» YOUR INSTRUCTIONS:
No pictures, nothing altered: return the data below.

» DATA SECTION:

▼

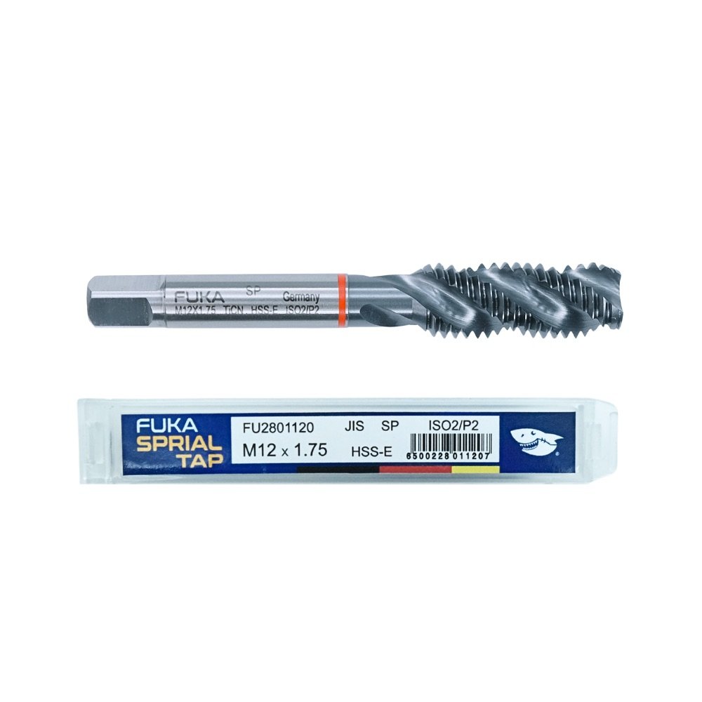 ดอกต๊าปเลื้อย-ต๊าปเครื่อง FUKA HSS-E TiCN เจาะสแตนเลส-เหล็กแข็ง M5x0.8 Spiral Machine Tap HSS-E
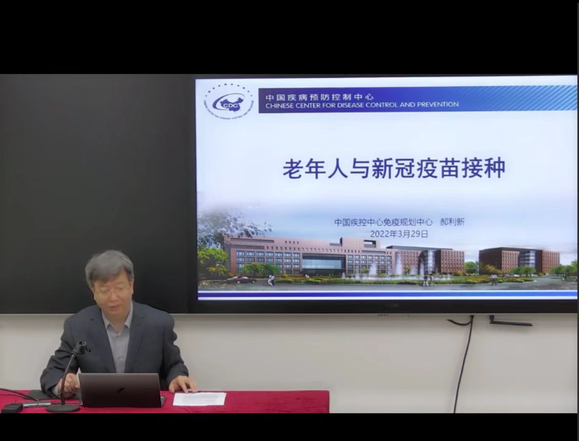 中国疾控中心免疫规划中心公众沟通与健康教育室主任郝利新博士围绕疫苗接种科普知识、接种必要性和科学性等作了专题报告。郝利新博士从人体免疫系统与疫苗接种、新冠病毒疫苗及其接种策略、老年人接种疫苗意义重大、老年人接种疫苗常见问题等四个方面进行了讲解,阐明了接种疫苗的好处。
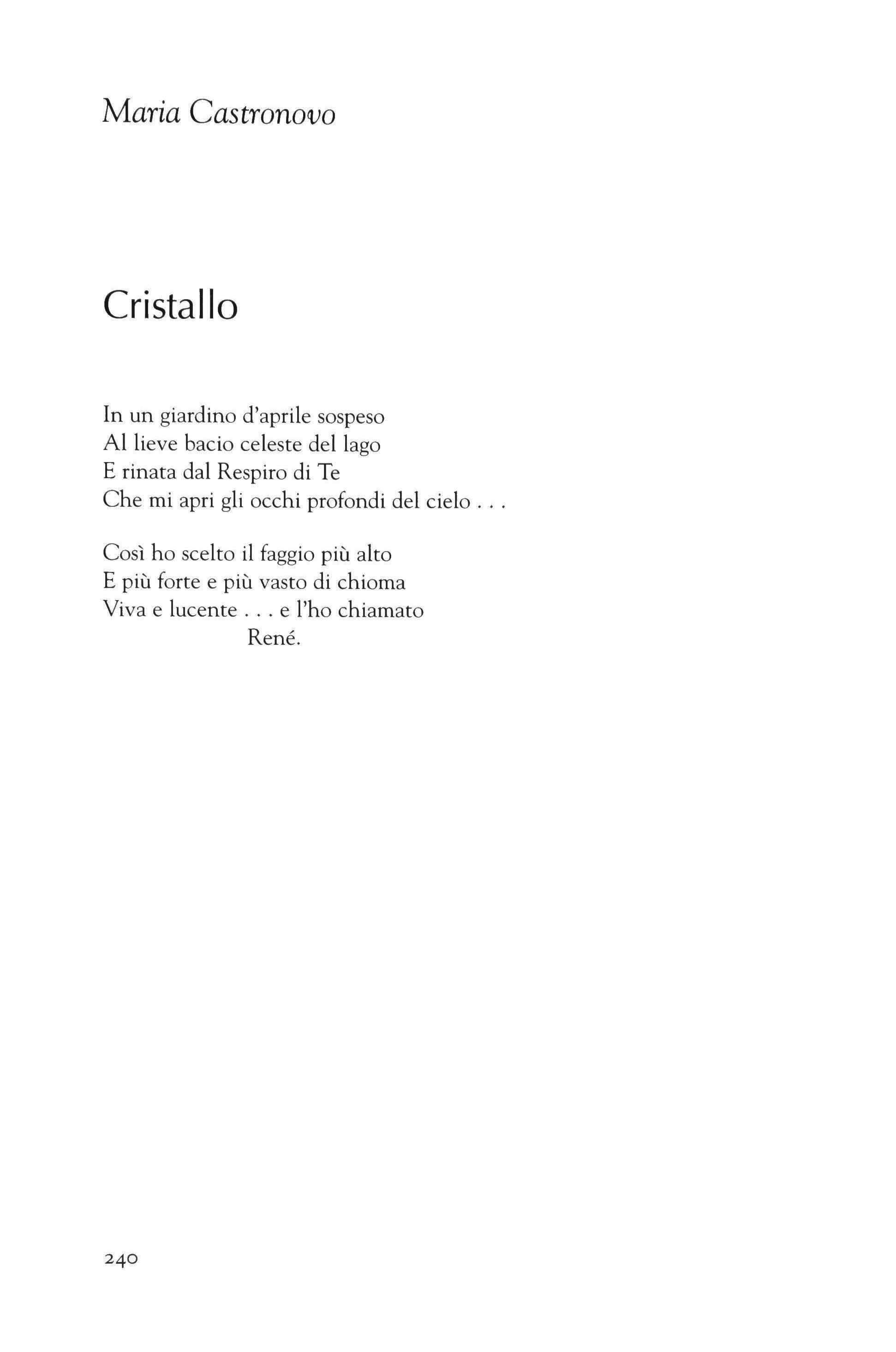 Maria Castronovo was born in 1953 in Venice. She is a professor of Literature and History. Her most recent publications include the essays Questi dorati orrori (2003), Viaggio in terra di poesia (2001), and the novels II Silenzio del Fauno (2004) and Sopta il primo fumo caldo (1997).

▲

» RESPONSE TO THE EXERCISE:
 ดอกต๊าปเลื้อย-ต๊าปเครื่อง FUKA HSS-E TiCN เจาะสแตนเลส-เหล็กแข็ง M5x0.8 Spiral Machine Tap HSS-E
 中国疾控中心免疫规划中心公众沟通与健康教育室主任郝利新博士围绕疫苗接种科普知识、接种必要性和科学性等作了专题报告。郝利新博士从人体免疫系统与疫苗接种、新冠病毒疫苗及其接种策略、老年人接种疫苗意义重大、老年人接种疫苗常见问题等四个方面进行了讲解,阐明了接种疫苗的好处。
 Maria Castronovo was born in 1953 in Venice. She is a professor of Literature and History. Her most recent publications include the essays Questi dorati orrori (2003), Viaggio in terra di poesia (2001), and the novels II Silenzio del Fauno (2004) and Sopta il primo fumo caldo (1997).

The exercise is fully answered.